I sat in the stands Tuesday and watched the Colorado Rockies lose their 100th game of the season. It is the first time the team has reached that ignominious mark in franchise history, cementing this as the worst product the Monforts have shoveled upon their fans in 30 years.
But the loss was not the worst thing I saw at the game. It was how the group I went with were treated by the organization as fans.
One hundred losses is obviously the mark of an awful team, but it is not the end of the world. For one thing, there are two teams who have lost more this year: the atrocious Kansas City Royals and the obviously tanking Oakland Athletics, whose run differential is more than one hundred runs worse than the Rockies.
For another, teams often emerge from such depths to become contenders. The Houston Astros lost more than 100 games three years in a row from 2011 thru 2013; they went on to make the World Series four times in the next decade, winning it all in 2017 and last year.

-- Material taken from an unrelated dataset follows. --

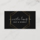 Elegant black and gold geometric hand lettered style calligraphy script professional business card. Perfect for makeup artists, hair stylists, cosmetologists, and more!

That eternal optimism at the heart of baseball is a big reason I continue to go to Rockies games, despite calls to boycott and force the Monforts into needed change.
On Tuesday, I went to both games of the double-header against the Dodgers with a large group of friends from the Rocky Mountain Blues. It is a Chelsea soccer supporters organization I have been a part of for nearly 15 years and written about often. Outside of watching every women’s and men’s match at the British Bulldog, we often organize events together including trips across the country, brewery tours and clothing drives for homeless youth.
This year, as has become an annual tradition, we took a trip to Coors Field. We dub it Blues at the Ballpark, meet a few hours before first pitch at our home pub, and walk the seven blocks to the ballgame.
And we sing. We sing a lot. That is a unique trait that sets soccer supporters apart from other sports fans. For example, imagine that rather than simply chanting IN-COM-PLETE!, Broncos fans sang a full song in unison at the same decibel level. That is what passionate fans (sorry Rapids, not you despite C38’s best efforts) sound like. Just listen to these Irish fans serenading their team for five minutes at the end of a match in which they were thrashed by Spain.
Since we began going to Rockies games, we have adopted Chelsea songs to our baseball environs. It isn’t 40,000 people, but you’d be surprised how resonate a full-throated 15 can be when they sing together, especially in a half-empty ballpark.
This year Rockies ushers and security (and maybe someone from the front office? We couldn’t be sure) spent both games trying to quiet us and implying that they would remove us from the stands.
Why? Because we had the temerity to sing our support for a 100-loss team.
We were neither drunk nor vulgar (though plenty of good soccer songs frequently are — as are a few songs played over the Rockies PA system). We just cheered too loud. For example, during the first game at the beginning of every inning the Rockies took the field, we stood and sang, “He’s our number 12! He’s our number 12! Sean Bouchard, he’s our number 12!” as Bouchard warmed up in right field (we were seated next to the bullpen). He seemed to enjoy it enough that he threw a ball up to our group.
But the Rockies staff? Apparently they were under strict instructions to tamp down hard on such joy in the face of awful baseball. We were told multiple times that we could not stand in our seats and that our support caused a disturbance.
I guess they disapproved when we tried to encourage a Rockies reliever with “Strike out the side! Strike out the side! Justin Lawerence will strike out the side!” I mean, we all know the bullpen has been terrible for years, but it seems it is a high crime at Coors field to root for a better outcome.
By the second game, we relocated to seats just below the Rooftop. It is literally a bar the Rockies put on top of the stadium to give fans an alternative to watching the game. When we revised our Bouchard chant to a rendition for center fielder Brenton Doyle, an usher grilled us about it as a security guard stood over his shoulder.
He asked “what were we doing?” We told him we were cheering for the Rockies.
He questioned why we kept “referring to the number nine?” We pointed out it was Doyle’s number.
With a straight face, he subsequently asked, “Who is Brenton Doyle?”
That might be all you need to know about the Rockies these days. When fans show up and show support and cheer for a team that put together the worst season in franchise history, they end up explaining their actions to an employee who doesn’t even know who is on the field for the team.
One hundred losses is bad for a baseball team. But stopping fans from cheering the players on? That is a much bigger problem.